Dionysos was definitely widely known as “Liberator.” In Greek, one of his major epithets was Ἐλευθερεύς(Eleuthereús), which means “Liberator” or “Freer.” The Theater of Dionysos Eleuthereus at the base of the Athenian Akropolis is named for Dionysos in this aspect. Meanwhile, in Latin, Dionysos was known as “Liber,” which means “the Free One.” On the other hand, I am not currently aware of any place where Jesus is referred to as “the Liberator” anywhere in the Bible. If Jesus was known by this epithet in antiquity, it was certainly not one of his more common epithets.

Dionysos also has quite a few epithets that are most certainly not Christ-like. For instance, he was known as Χοιροψάλας (Choiropsálas), which means “the Pussy-Fucker.” χοῖρος literally means “pig,” but it was also used as a vulgar slang term for female genitalia, similar to our English word “pussy.” The second element of this epithet comes from the verb ψάλλω (psállō), meaning “to pluck.” In this case, it refers to a specific kind of “plucking.”

Dionysos also had the epithet Ἐνόρχης (Enórchēs), which literally means “He of the Testicles.” This title, of course, refers to Dionysos’s role as a god of fertility and possibly also his birth from Zeus’s testicles. Another one of Dionysos’s titles was Βρόμιος (Brómios), which literally means “Loud, Roaring One,” in reference to Dionysos’s role as a loud, boisterous deity. He was also known as Ἀκρατοφόρος (Akratophóros), which means “the Bearer of Unmixed Wine.” I could list more very un-Christian epithets of Dionysos all day, but I think you all probably get the picture.

ABOVE: Photograph of the remains of two gigantic marble phalli from the entrance to the ruined temple of Dionysos at Delos. Several of Dionysos’s epithets, such as Χοιροψάλας and Ἐνόρχης, reference his role as a god of sexual fertility.

His blood “the wine of sacrifice”? Dionysian “eucharistic ritual”?
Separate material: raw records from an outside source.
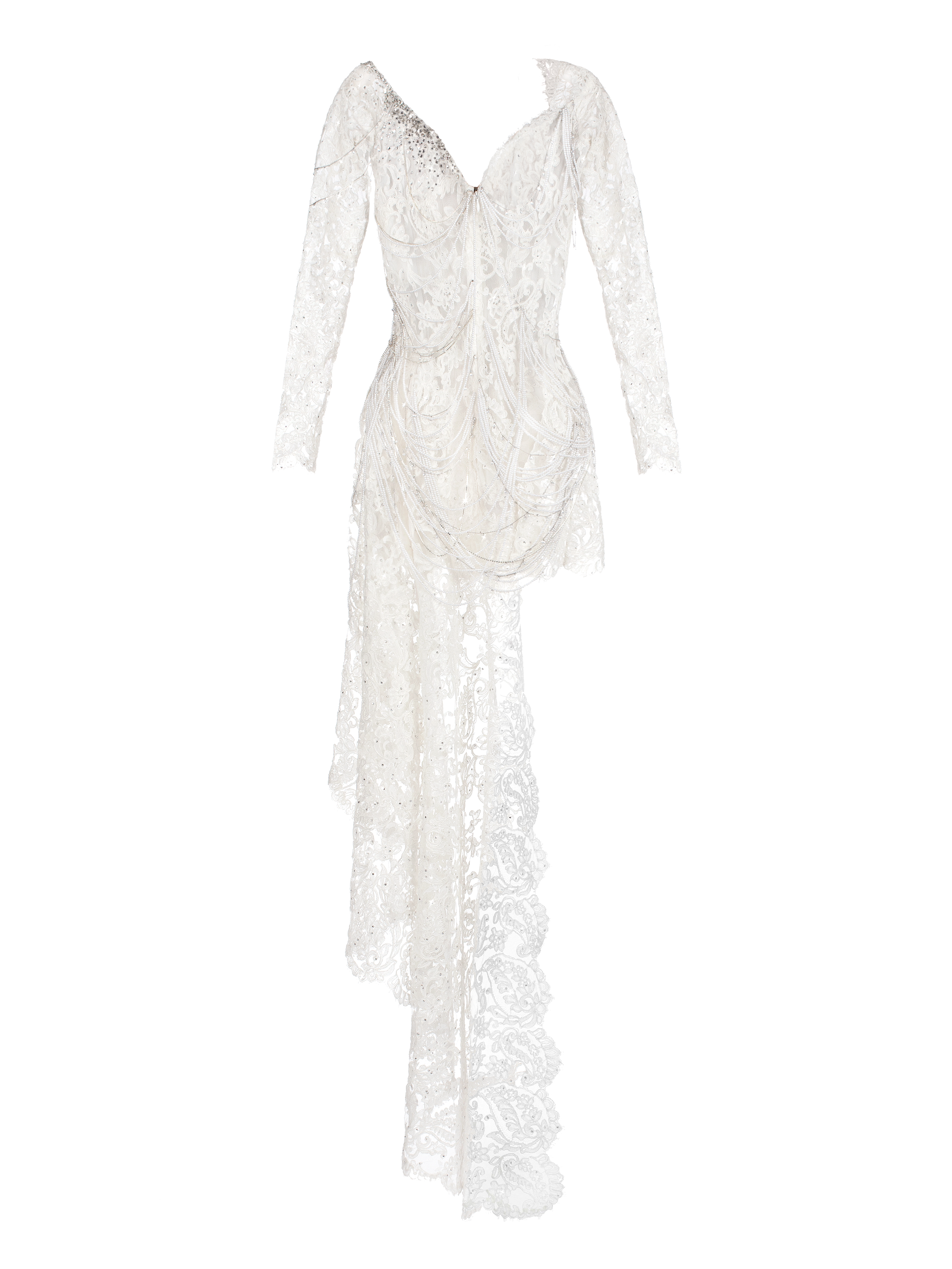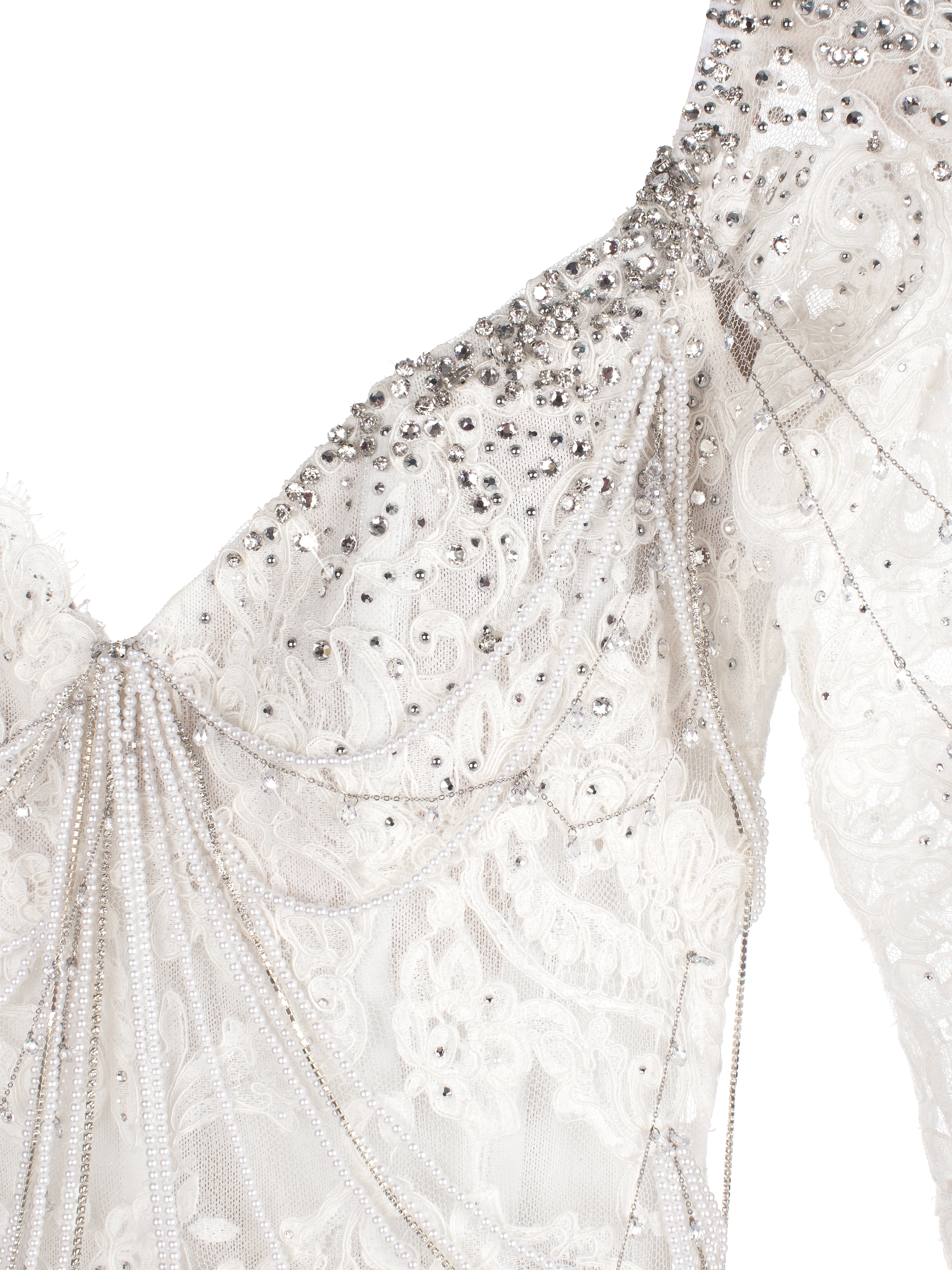A white dress with an elongated hem, long sleeves and bare shoulders, made of lace, will be an ideal choice for a flawless evening look. The brand’s craftsmen manually decorated the model with rhinestones and pearl and silver chains with crystal stones.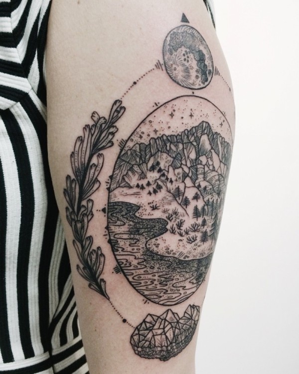 15款女神纹身小清新纹身月亮简单个性线条纹身图案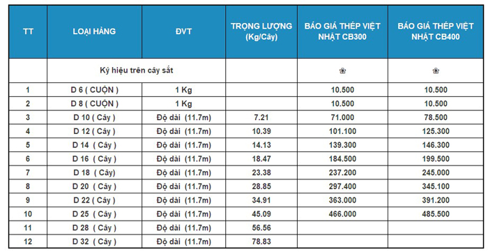 Báo Giá Thép Việt Nhật tại Cà Mau
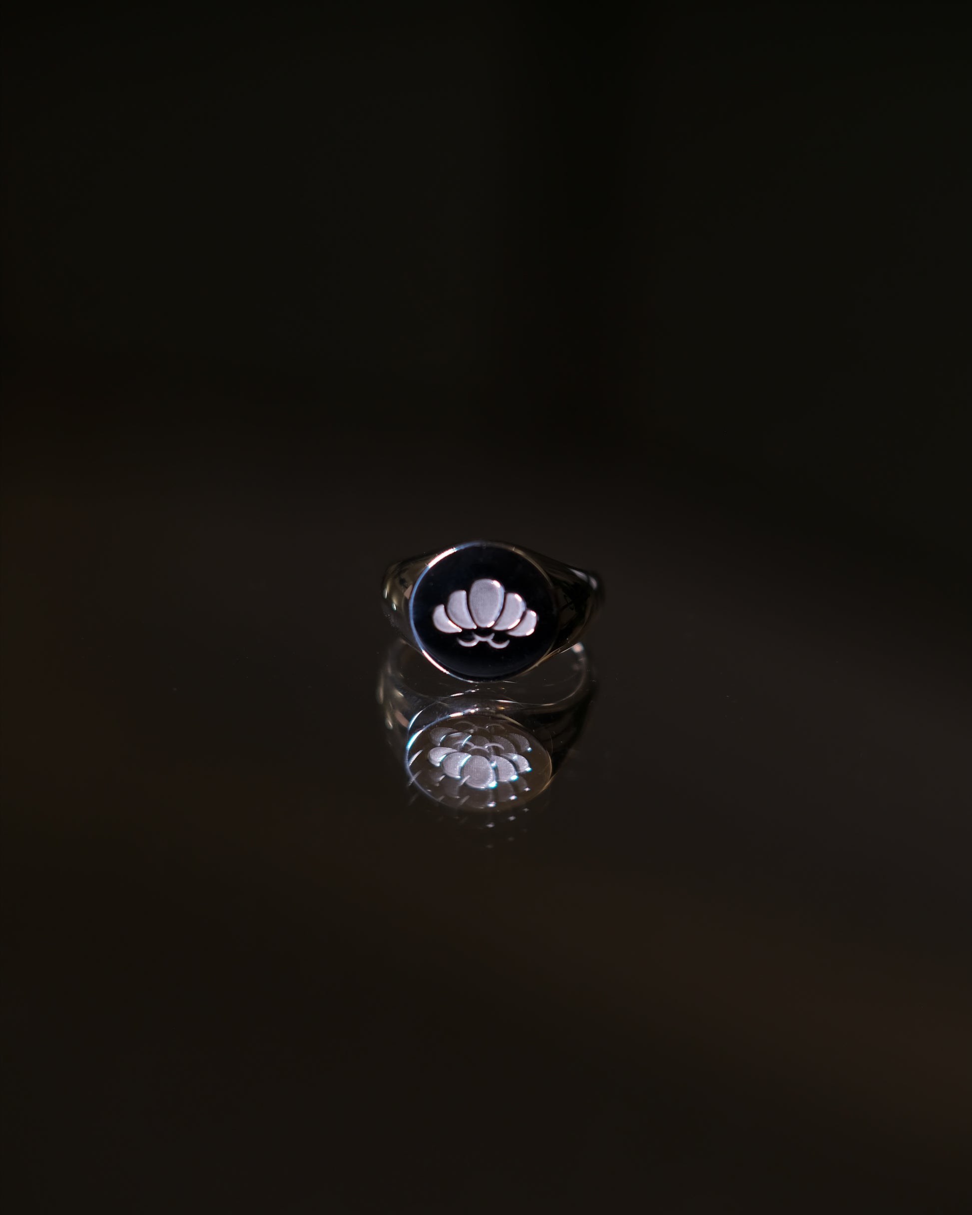 まん丸な印台に沿って、スムーズなカーブで表現した五葉を配置。シンプルで優しい印象もありますが、シンメトリーなこのデザインは洗礼さを際立たせています。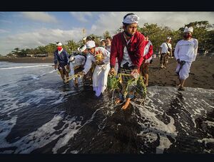 In Balinese Hindu tradition, according to the Yama Purwana Tattwa lontar, every dead person (pitra) must perform a sacred offering (Yadnya). After doing cremation, the ashes will thrown into sea.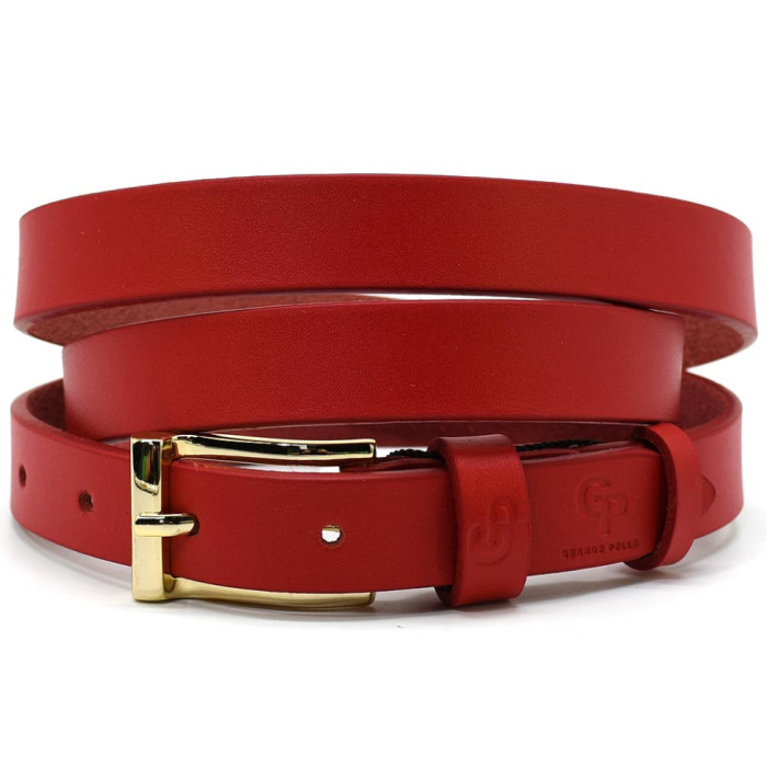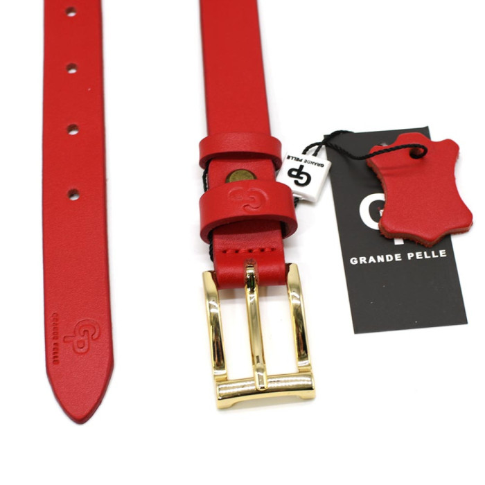 Ремінь жіночий тонкий Grande Pelle 26070040033 в червоному кольорі.

The memes I showed at the beginning of this article both make claims that Dionysos was worshipped through some kind of Eucharist in which his followers consumed wine. The memes claim that this wine was seen as Dionysos’s blood, poured out for the forgiveness of sins. The memes do not cite any sources for any of these claims, but, from reading around, I have managed to figure out that this idea probably originates from a widely-circulated mistranslation of a passage from the ancient Greek tragedy The Bacchae.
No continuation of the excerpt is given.